Door number 1 or door number 2: There’s a whole lot resting on your choice.
Door number 1 will deliver you a yacht full of momentary pleasure, but a small country’s worth of regret. Door number 1 will provide you a limo full of human precepts, and though you’ll be riding in luxury, you’ll be riding down a blind alley. Even if all your frat bros are at the same door, remember this: they are not your people. Your people are God’s people. God’s people are different. They choose different doors.
They do not dance to the world’s broken music and neither will you. They do not promise peace when there is no peace and neither will you. But you will be a Joseph to the world: a foreigner in a foreign land filled with men and women tormented by bad dreams. By God’s grace, you will be their interpreters, speaking into their nightmares a new and living way (Hebrews 10). And you will be like Esther, born for such a time as this. And you will be like Nehemiah, who built a city with a trowel in one hand and a sword in the other. And you will be like Anna, declaring to the world the arrival of their only sure hope, the Christ. And you will be like Noah who built a boat to save the world, though all the world giggled glibly. And you will be like Hannah, pleading with God on behalf of a barren world. And you will be like Boaz, sowing fields of grain to feed the refugees who flee a life of sin.

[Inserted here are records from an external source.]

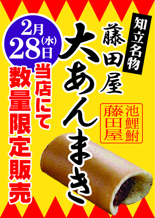 2024年02月08日(木) 2月28日(水)藤田屋 大あんまき 2月28日(水)藤田屋 大あんまき 知立名物 藤田屋 大あんまきを限定販売致します❗️ 生地はふんわり、甘さ控えめの粒あんでお茶請けに最適❗️ 当日は不二屋の日も同時開催ですよ〜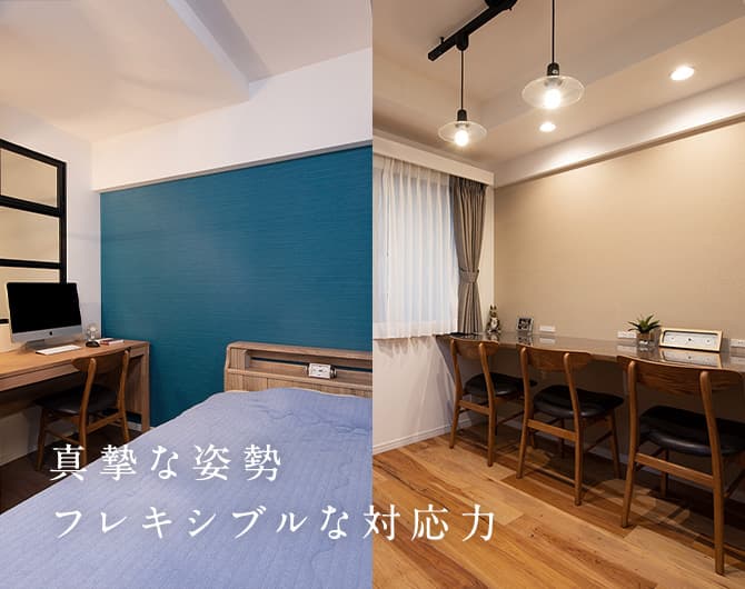 以前の住まいを売却する際は、別の会社にお願いしたのですが、直筆のお手紙をいただいて、次の購入の際はぜひお願いしようと思っておりました。好みのインテリア写真をストックしたりしながら数年越しでイメージをクリアにしていき、リノベーションを前提に中古物件を購入しました。リノベのパートナー選びで重視したのは、機能面の提案に強いことでした。コスモスイニシアは、新築物件で得られた顧客の声を反映して、使いやすさを追求しており、デザイン性だけではなく、機能面もしっかりと提案してくれたので安心して任せられました。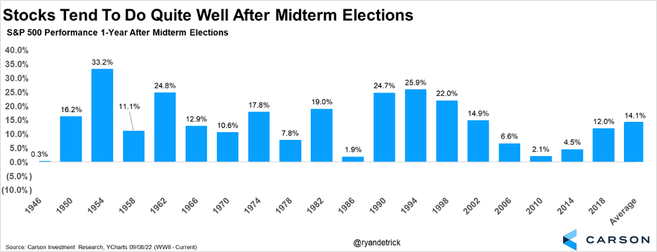 What is clear cut is stocks historically have done quite well the year after the midterms. As you can see in our last chart, the S&P 500 gained a year after the election every single time since World War II, with a very solid 14.1% average gain over that year. Why is this? Likely markets hate uncertainty and there is a lot of that leading up to a midterm election. But once the election is over the uncertainty is likely lifted.

Today is tomorrow’s yesterday. What you sow today, you will reap tomorrow. The present is the future’s past and the past, my friends, CANNOT be erased. What you do now, even now in these moments between chapters, will likely dictate the outcome of your story. Your decisions can NEVER be undone, not even by the blood of Jesus. They can be covered by the blood. Thank God they can be covered, but they can never be erased from your story. “So choose this day whom you will serve for God has set before you this day life and good, and death and evil, blessing and cursing: therefore choose life, that both you and your descendants may live” (Deut. 30:15 and 19).
Some say that college constitutes the best years of your life. I hope not. There is SO much life to live AFTER college. Live with THOSE years in mind. Remember your children and your grandchildren. And when you are old and grey and some idealistic freshman asks you what were the best years of your life, you won’t say, “college!” You’ll say, “ALL of them!” For you lived your days out in the light of God’s only Son and you opened door number 2, above which is carved, “I am poor and needy, yet The Lord thinks on me.”

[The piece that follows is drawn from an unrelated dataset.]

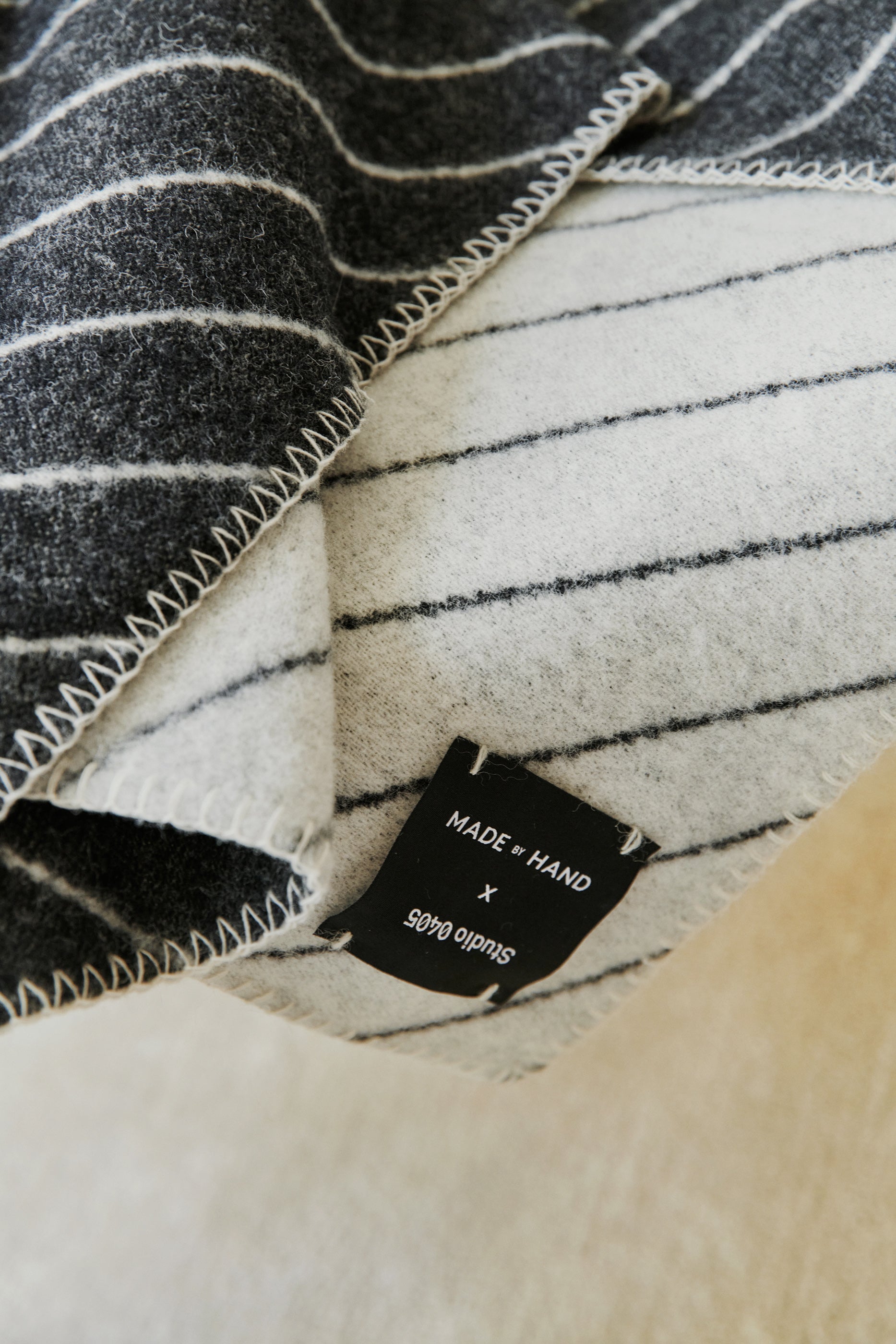 With inspiration drawn from classic pinstripe suits and American color field paintings from the 60’s, Made By Hand’s collection of throws draws on an intentionally classic pattern. The lines of the throw make a small landscape when draped over a couch or chair. Letting the lines meet in the middle of the throw activates the entire surface and turns it into a rich, luminous object rather than just a piece of fabric.

If this hard-fought education has taught you anything, it better be this: “The works of the Lord are great, studied by all who have pleasure in them” (Psalm 111:2).
We have taught you, from the cradle until this very hour, to join Job, saying “As for me, I would seek God, and to God would I commit my cause, who does great things and unsearchable, marvelous things without number” (Job 5:8-9).
Go, my Dagonets. Freedom beckons. Go with our blessing and our love, but come back as often as you can. You are family and we love you as family; in fact, we’ve bought a lot of stock in you as family. May that stock only rise. And may the world know, with no uncertainty, that your lives serve as a fork in the road declaring to each person you encounter this truth: “choose you this day whom you will serve, but as for me and my house, we will serve the Lord” (Joshua 24:15).
May you forever seek God who has lifted you from out of the pit, out of mud and mire, and who has set your feet on a rock and given you a firm place to stand (Psalm 40:2).
“May you seek God and rejoice, being glad in Him; may those who love His salvation say continually, “Great is the Lord!” (Psalm 40:16).
You have a tremendous task, an absolutely monumental task with generational impact ahead of you: it’s called “Life”. This life is sweet all the way through eternity if you choose door number 2. But life cannot be done with one eye on each door.
Make a decision: The lady or the tiger.